---------- Given entries ----------
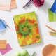 I was super excited when I got my cover in. It is attached by a magnet across the edge. I don’t think it will be very protective but it is very cute. I’m going to keep my iPad in a sleeve and use this face cover while I have it out. It folds to create a tilt for better viewing and to keep the iPad at a slight angle for typing. The colors are bright and it is fun. I’ve really enjoyed it. The personalization looks like amazing. It is the same color as the picture and is the same brightness. Well done! Very nice.
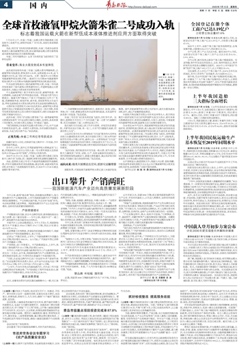 今年以来,政策“组合拳”频出,持续激发消费潜力,助力新能源汽车产业蓬勃发展,上半年我国新能源汽车产销量实现同比稳健增长。产业结构加速升级,车企加快“出海”步伐,电动化消费潜力逐步释放。我国新能源汽车产业正在迈向规模化、全球化的高质量发展新阶段。
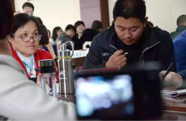 ▲ 老师融入到学员的中间,认真聆听大家的讨论
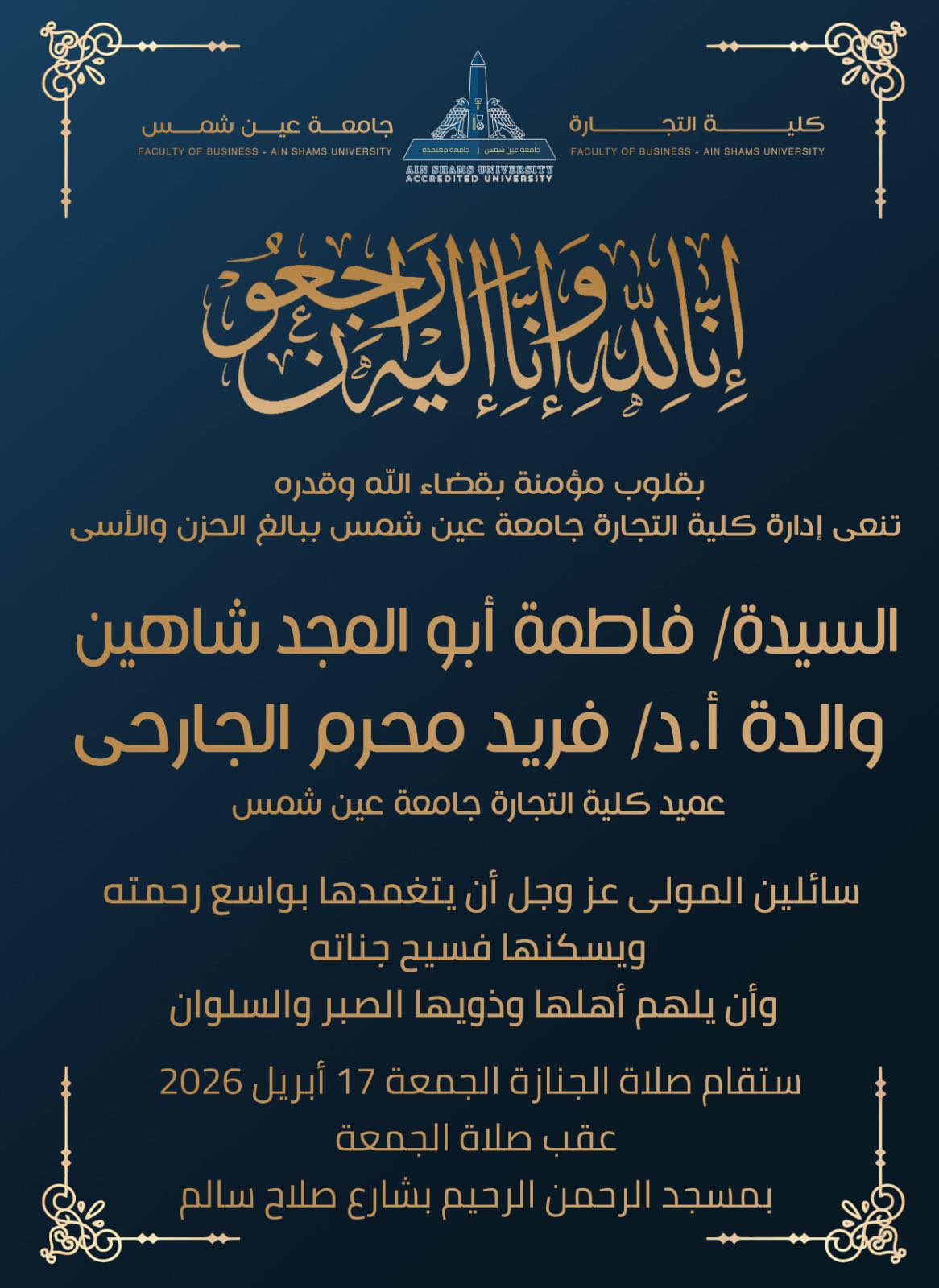 تنعى إدارة الكلية ببالغ الحزن والأسي والدة أ.د فريد محرم
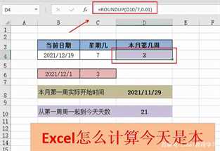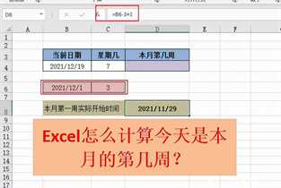 如果不看日历,要通过excel来计算今天是本月的第几周,该怎么办?
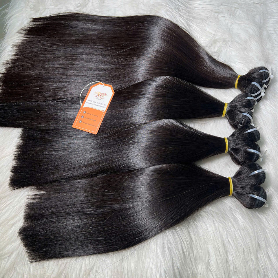 Trame osseuse droite brute un seul donneur couleur naturelle 1B extensions de cheveux humains vendeur vietnamien Double matériau HD dentelle
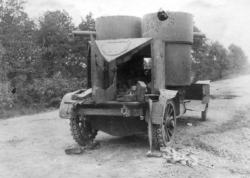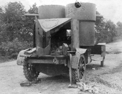 An unique photo of a destroyed Austin the 2nd series, possibly near Kolomyia, July 1917. A construction of a rear "annex" is visible, with a pair of doors and an observation hatch. Also "combat" wheels and an open box for wheels below a turret are visible. |
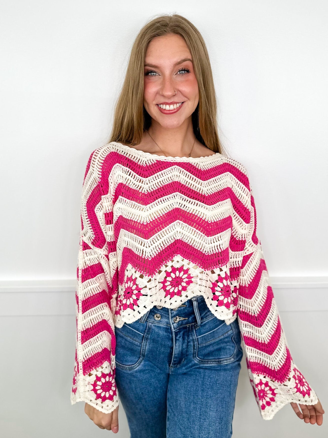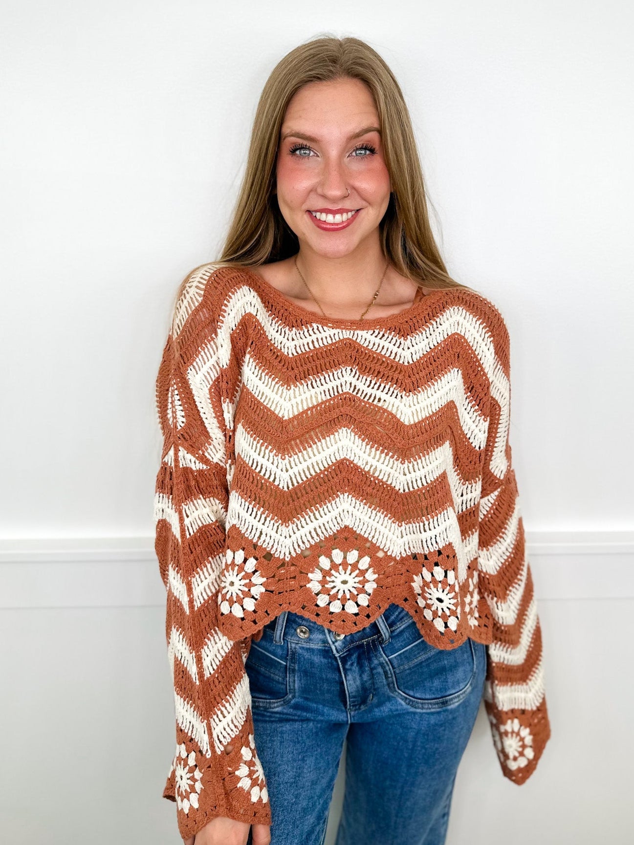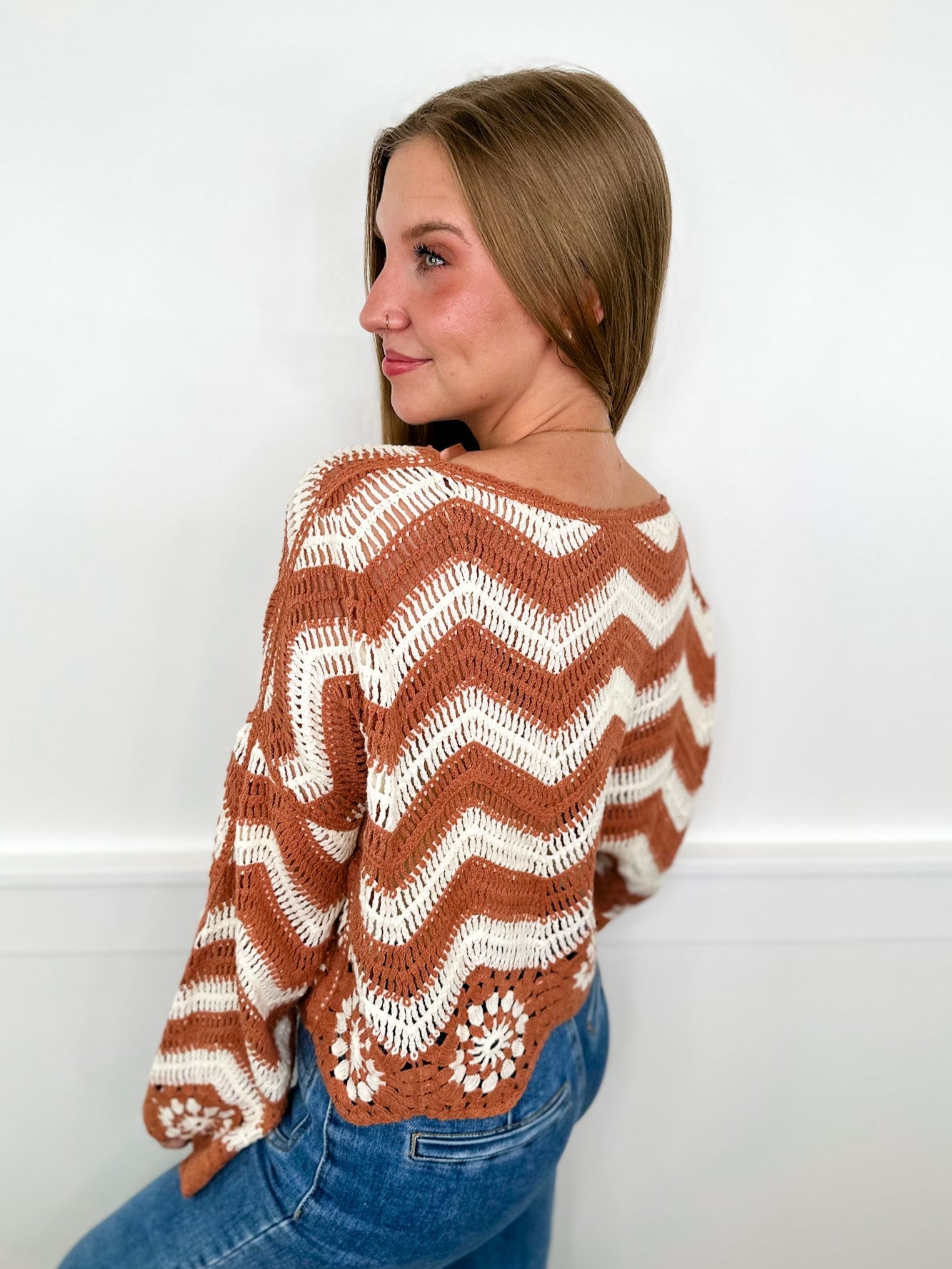 Cozy meets cute in this cropped sweater top, crafted from a soft cotton blend with a playful crochet chevron pattern. Perfect for layering, it adds a fun, textured twist to any outfit while keeping you comfy and stylish all day long. Available in two charming colors to brighten your wardrobe!
----------
Your objective => Through the line containing "如果不看日历,要通过excel来计算今天是本月的第几周,该怎么办?" and no further, restate the data above word for word from its first line, leaving out pictures.

Answer for the task =>
 I was super excited when I got my cover in. It is attached by a magnet across the edge. I don’t think it will be very protective but it is very cute. I’m going to keep my iPad in a sleeve and use this face cover while I have it out. It folds to create a tilt for better viewing and to keep the iPad at a slight angle for typing. The colors are bright and it is fun. I’ve really enjoyed it. The personalization looks like amazing. It is the same color as the picture and is the same brightness. Well done! Very nice.
 今年以来,政策“组合拳”频出,持续激发消费潜力,助力新能源汽车产业蓬勃发展,上半年我国新能源汽车产销量实现同比稳健增长。产业结构加速升级,车企加快“出海”步伐,电动化消费潜力逐步释放。我国新能源汽车产业正在迈向规模化、全球化的高质量发展新阶段。
 ▲ 老师融入到学员的中间,认真聆听大家的讨论
 تنعى إدارة الكلية ببالغ الحزن والأسي والدة أ.د فريد محرم
 如果不看日历,要通过excel来计算今天是本月的第几周,该怎么办?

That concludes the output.